Fr. Bill Carroll – The Twelfth Sunday after Pentecost, August 28, 2022

Jesus said, “When YOU are invited, go and sit down at the LOWEST place.”

In the Name of the Father, and of the Son, and of the Holy Spirit.  Amen.

Humility is a virtue.  Whatever else we may be in the world’s eyes, God calls us to be simple, humble people—to live as brothers and sisters.  St. Bernard of Clairvaux once said that “No spiritual house can stand for a moment, except on the foundation of humility.”

Pride, by contrast, can close the channels of grace.  Why trust God, when we can do it all on our own?  Why worship God, when we see ourselves as self-sufficient? The road to sin and death is often paved with pride.  Excessive pride can destroy any community—including the Church.  We shut people out, when we should invite them in.  But, more importantly, when we fail to be humble, we are less useful to God. 

When we are humble, we place ourselves at God’s disposal.  We listen to the Holy Spirit at work in our lives.  We seek out the low places, because that’s where Jesus is found.  He is born outside the inn.  He dies outside the city gate.  He is found among the lowly—among the excluded and the forgotten.  If we form relationships with these people—in these places—we will find him.  And we will find God.

Humility means accepting our God-given place—whatever it is.  It means going where God sends us—wherever that may be.  If we are humble, we do not claim a better place for ourselves.  We sit in the lowest place, until God asks us to move.  Humility shatters our false self-image.
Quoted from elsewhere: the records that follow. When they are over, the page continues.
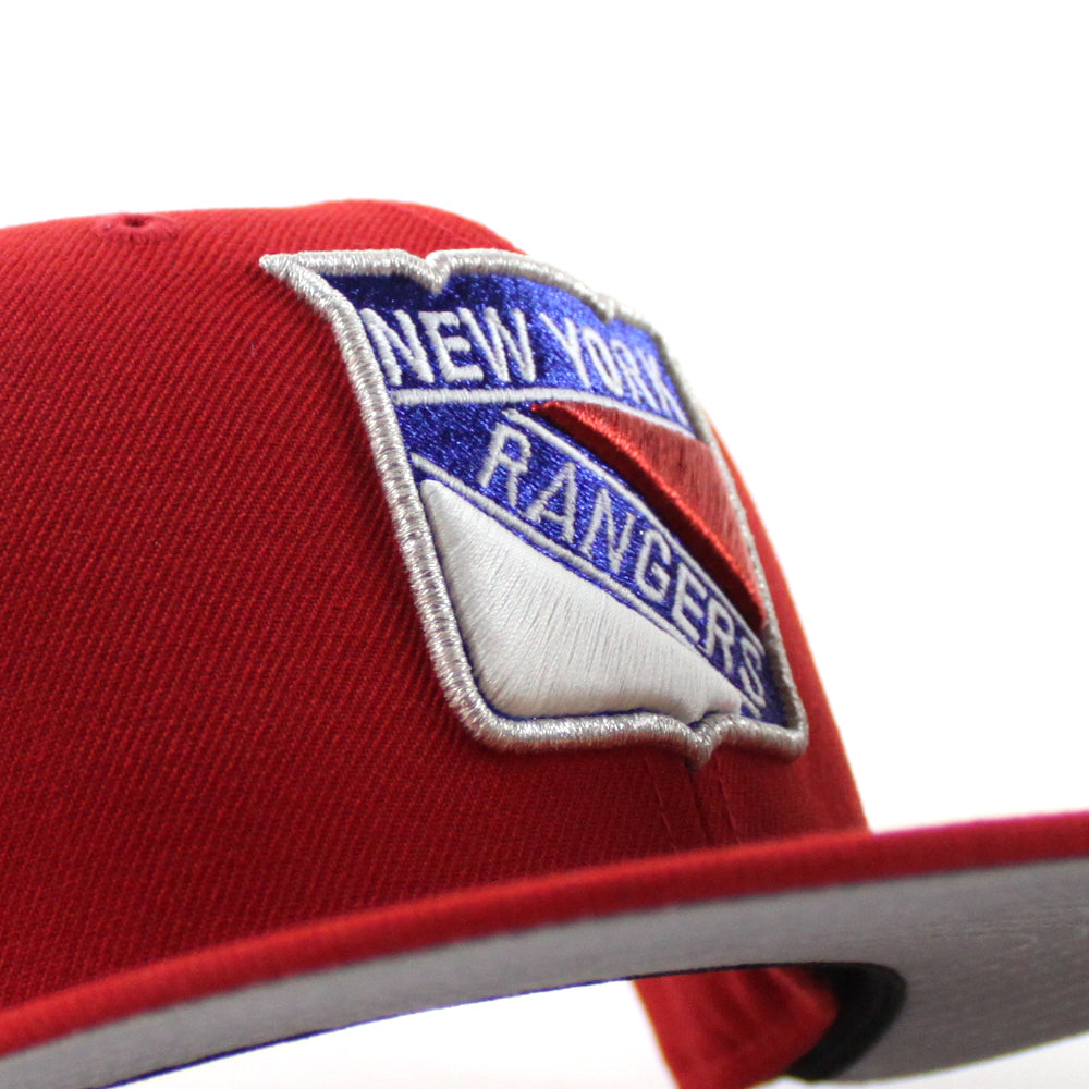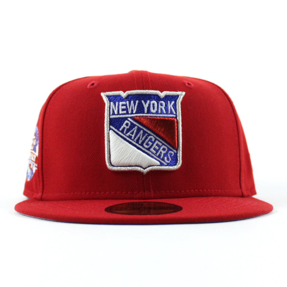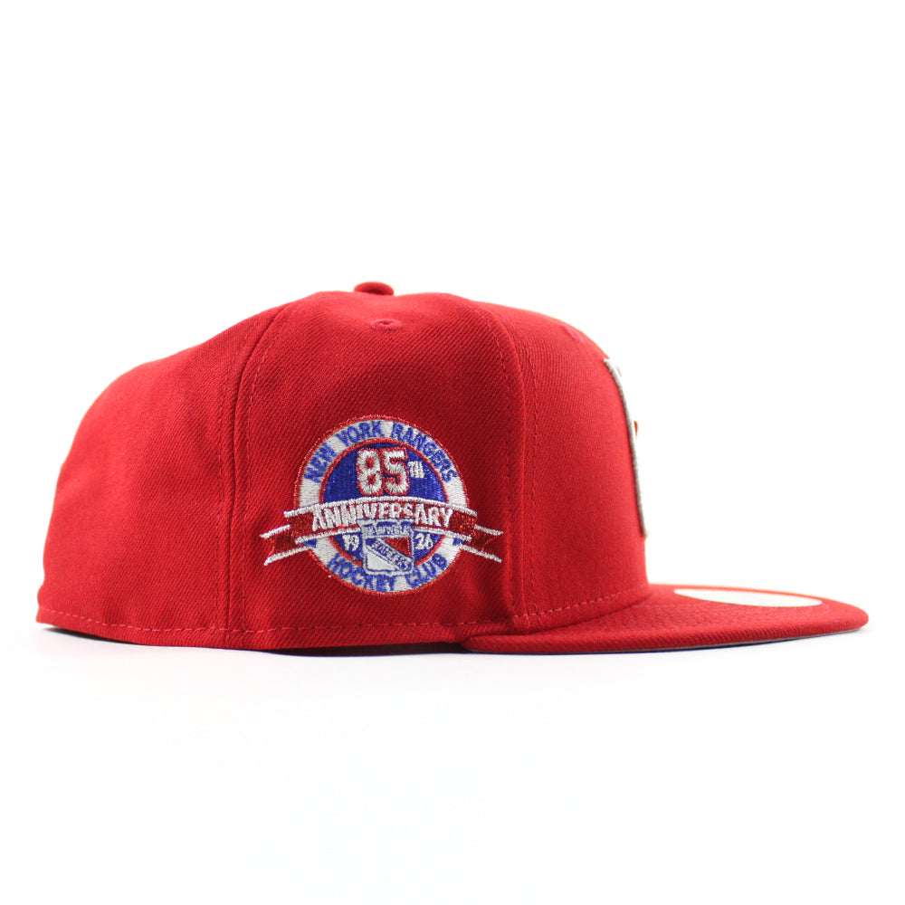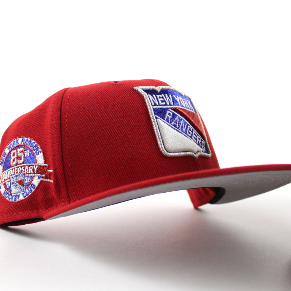 New York Rangers 85TH Anniversary New Era 59Fifty Fitted Hat in Scarlet Red and Gray Under brim.
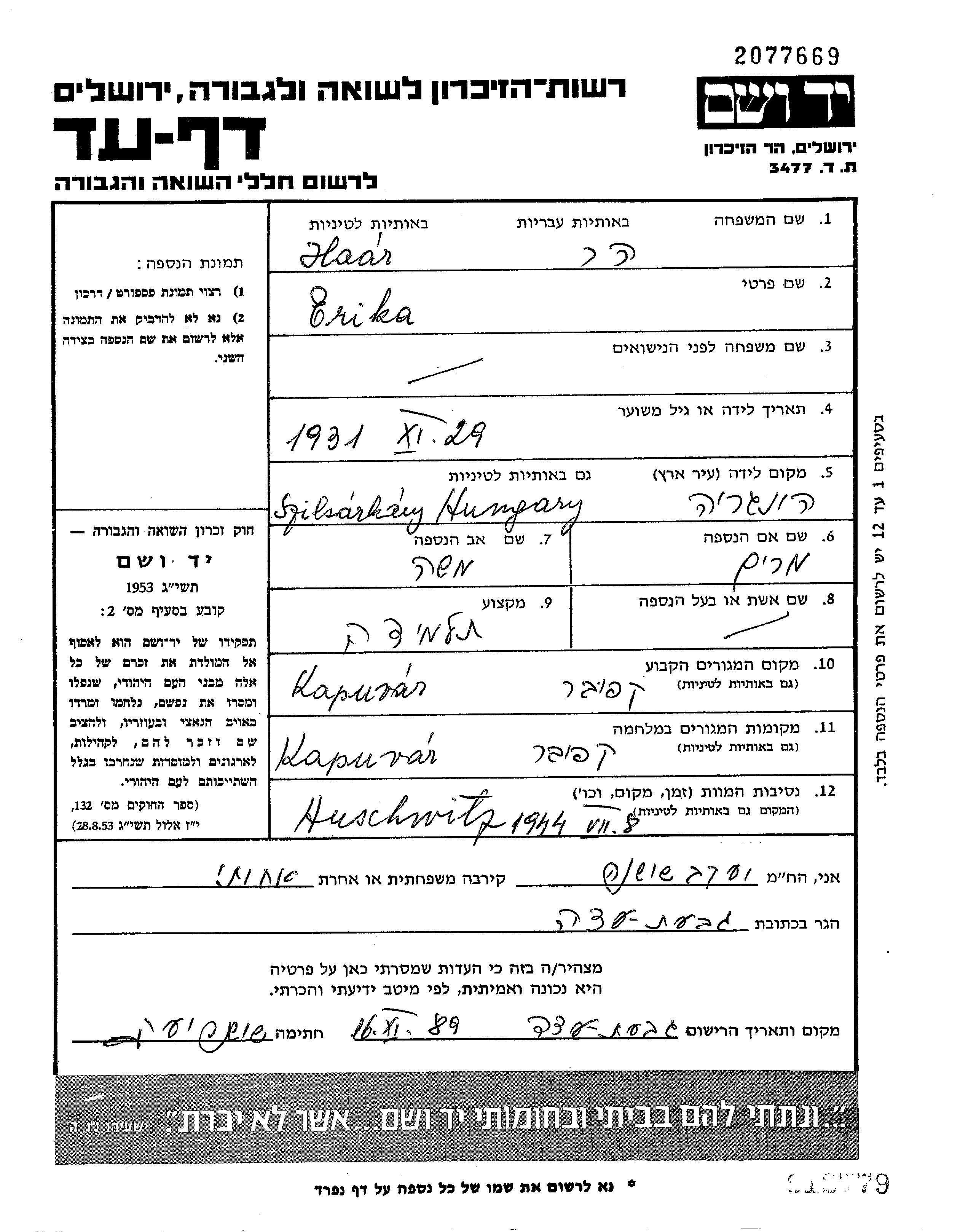 Erika Haar est née à Szilsarkany, Hongrie en 1931, fille de Moshe et de Miriam Maria née Rehberger. Elle était Élève et Enfant. Avant la seconde guerre mondiale elle vivait à Kapuvar, Hongrie. Pendant la guerre, elle était à Kapuvar, Hongrie.
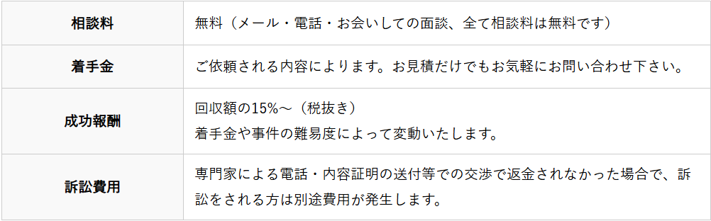 少しでも多くの方が少しでも気軽に法律の専門家に依頼し、詐欺の被害金を取り戻せるよう費用面でも最大限の努力をしておりますので、ご相談やお見積など気兼ねなくお気軽にご相談ください。

It removes our illusions of control.  It unmasks the lies we tell each other—and the lies we tell ourselves.  

But humility doesn’t mean accepting the place that just anyone gives us.  Only God knows who we are and where we belong.  Ultimately, we belong to God.  Other people can speak the Word of God to us—but often they speak only for themselves 

And so, it was an act of humility when Rosa Parks sat down in the front seat of a bus in Montgomery, Alabama.  She refused to let the white majority define who she was.  Instead, she insisted that she was a child of God.  In a similar way, it is an act of humility when an abused woman asserts her dignity—and seeks safety for herself and her children.  So too, humility is at work, whenever those who have been excluded and oppressed claim their rightful place at God’s table.  

How else can we understand the behavior of Jesus in the Gospel?  Which of us would dare speak like that to our host?  “When you give a luncheon or a dinner,” Jesus says, “do not invite your friends or your brothers or your relatives or your rich neighbors…But when you give a banquet, invite the poor, the crippled, the lame, and the blind.”  Presumably, his host has done the opposite.  He has invited the people he knows can repay his generosity.  And all the guests witness the exchange.  Jesus doesn’t know his place (at least as the world defines it).  His behavior is outrageous.
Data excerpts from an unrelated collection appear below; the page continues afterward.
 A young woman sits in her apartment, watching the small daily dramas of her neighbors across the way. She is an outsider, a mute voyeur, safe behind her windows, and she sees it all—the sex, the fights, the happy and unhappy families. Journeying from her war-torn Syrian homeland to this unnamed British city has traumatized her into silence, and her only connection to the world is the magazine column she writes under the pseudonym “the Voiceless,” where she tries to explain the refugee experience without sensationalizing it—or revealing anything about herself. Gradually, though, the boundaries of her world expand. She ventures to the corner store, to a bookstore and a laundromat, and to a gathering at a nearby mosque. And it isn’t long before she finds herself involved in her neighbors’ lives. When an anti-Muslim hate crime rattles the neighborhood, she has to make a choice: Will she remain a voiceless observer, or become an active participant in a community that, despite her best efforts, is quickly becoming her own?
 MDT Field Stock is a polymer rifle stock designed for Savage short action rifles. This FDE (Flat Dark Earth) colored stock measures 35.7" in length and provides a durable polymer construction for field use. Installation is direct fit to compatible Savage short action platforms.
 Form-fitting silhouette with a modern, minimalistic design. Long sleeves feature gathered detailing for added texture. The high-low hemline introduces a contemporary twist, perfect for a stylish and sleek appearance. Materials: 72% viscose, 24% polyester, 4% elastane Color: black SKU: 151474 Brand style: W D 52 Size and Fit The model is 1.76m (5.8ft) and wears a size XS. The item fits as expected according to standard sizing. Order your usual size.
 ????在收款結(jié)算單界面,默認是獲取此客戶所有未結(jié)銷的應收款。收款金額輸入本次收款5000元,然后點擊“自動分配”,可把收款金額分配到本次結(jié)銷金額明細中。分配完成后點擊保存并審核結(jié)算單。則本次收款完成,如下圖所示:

But he isn’t being rude.  Jesus is doing exactly what God sent him to do.  He is inviting us to a better feast—where all are welcome.  He is introducing us to a better host—the God of grace.  And he is summoning us all to that joyful feast of the last days, when God will reign on earth.  

This is the feast that we remember and anticipate in every celebration of the Eucharist.  It is the community we long for, when we pray “Thy Kingdom Come.”  In that Kingdom, everyone has a place at the table—beginning with those who count the least (and come in last) in the world as we have made it.
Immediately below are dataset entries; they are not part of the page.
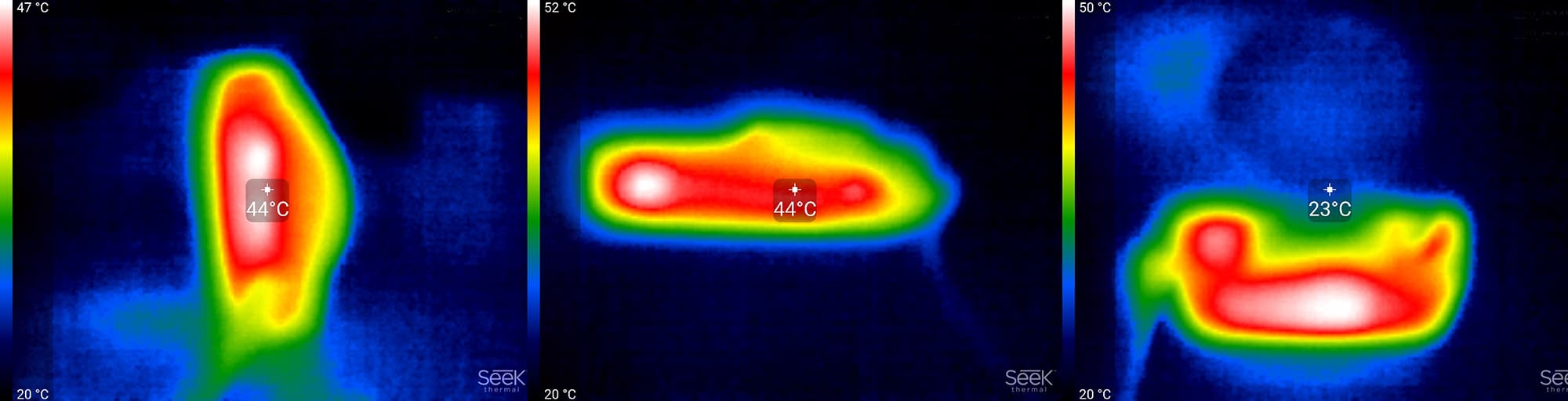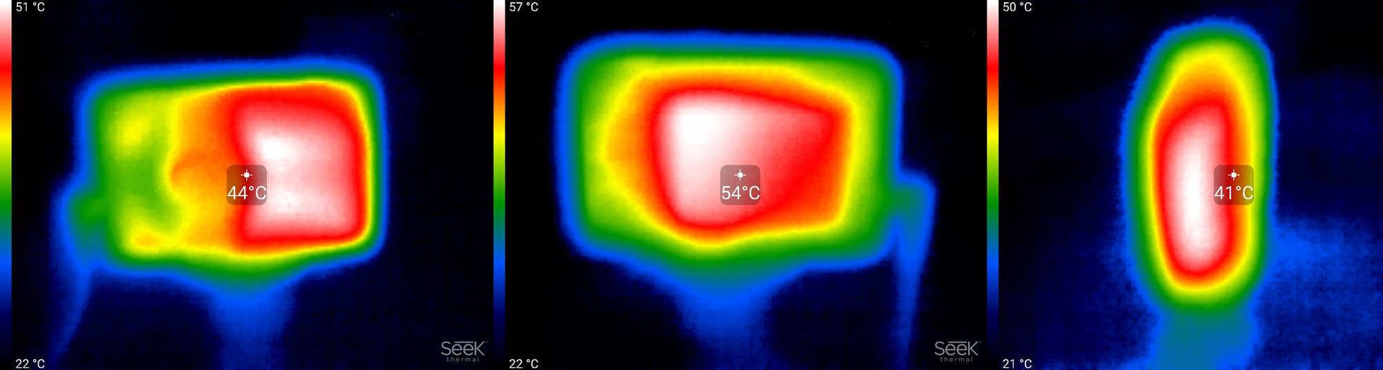 Во время длительной работы корпус аппарата естественным образом нагревается, как и любой современный прибор. Мы приводим тепловизионные снимки, сделанные после часа непрерывной видеозаписи с работающим дисплеем. Питание подавалось стационарное, тестирование проводилось в комнатных условиях при температуре окружающего воздуха около 20 °C
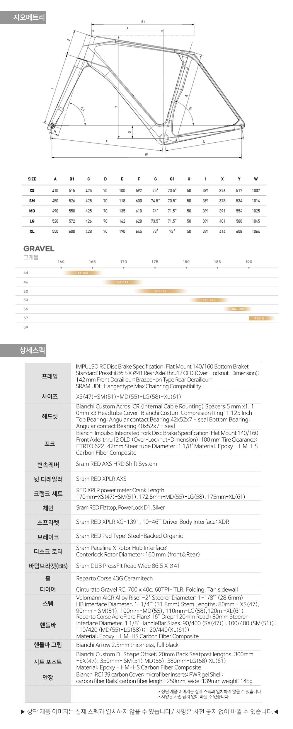 > 비앙키 임풀소 RC 스램 RED XPLR 13단 그래블 자전거
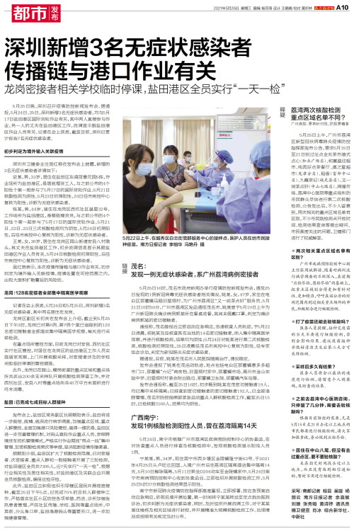 5月25日晚,深圳召开疫情防控新闻发布会。据通报,5月24日、25日,深圳新增3名无症状感染者,均与5月17日盐田港区国际货轮作业有关,其中两人直接参与作业,另一人的丈夫在盐田港区工作,流调显示跟
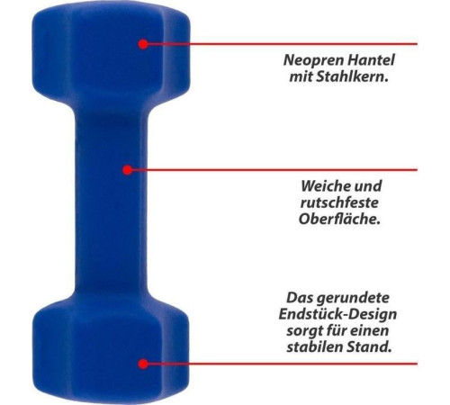 Оптимальні гантелі для використання в залі та вдома, підходять для тренування грудей, рук, біцепсів і трицепсів. Гантелі покриті шаром неопрену, який створює м'яку та нековзку поверхню, яку легко та зручно тримати та стійку до поту. Серцевина з високоякісної сталі гарантує тривалий термін служби. Заокруглена конструкція наконечників забезпечує стабільне положення, що забезпечує безпеку та запобігає скочуванню. Неопренове покриття запобігає пошкодженню підлоги або місця для зберігання.

Humility is indeed the foundation for all Christian virtues.  Jesus calls us to abandon every form of privilege for the sake of God’s new community of love.  

But don’t confuse his humility with weakness.  In many ways, as we see it,, Jesus is weak.  He offers salvation free-of-charge and doesn’t force anyone to accept it. He makes himself vulnerable to us sinners and the powers that be.  He comes into conflict with the world and our violence, and he suffers and dies at our hands.  

But Jesus is also strong.  As the Apostle Paul once put it, “God’s foolishness is wiser than human wisdom—and God’s weakness is stronger than human strength.”  And so, Jesus is never afraid to speak the truth to us.  He is consistent in opposing evil, and he never, ever fails to love us.  Like the prophets before him, Jesus pronounces God’s blessings on the poor, the meek, and all who have no other helper.  He announces God’s Kingdom, where the last will be first—and the first will be last.

And Jesus calls us (he calls us) to bear witness to the Kingdom.  He calls us to go and prepare the world for its arrival.  We are to be gentle with other people, but bold in the Gospel.  We are to speak the truth in public, because we are following the world’s true king.  And, like Jesus, we live in a world where some feast and make merry, while others starve to death.  

And so, this is what Jesus tells us today: “When you give a luncheon or a dinner,” he says, “do not invite your friends or your brothers or your relatives or your rich neighbors, in case they may invite you in return…But when you give a banquet, invite the poor, the crippled, the lame, and the blind. And you will be blessed, because they cannot repay you.”

Blessed are those who hear his Word…and do it.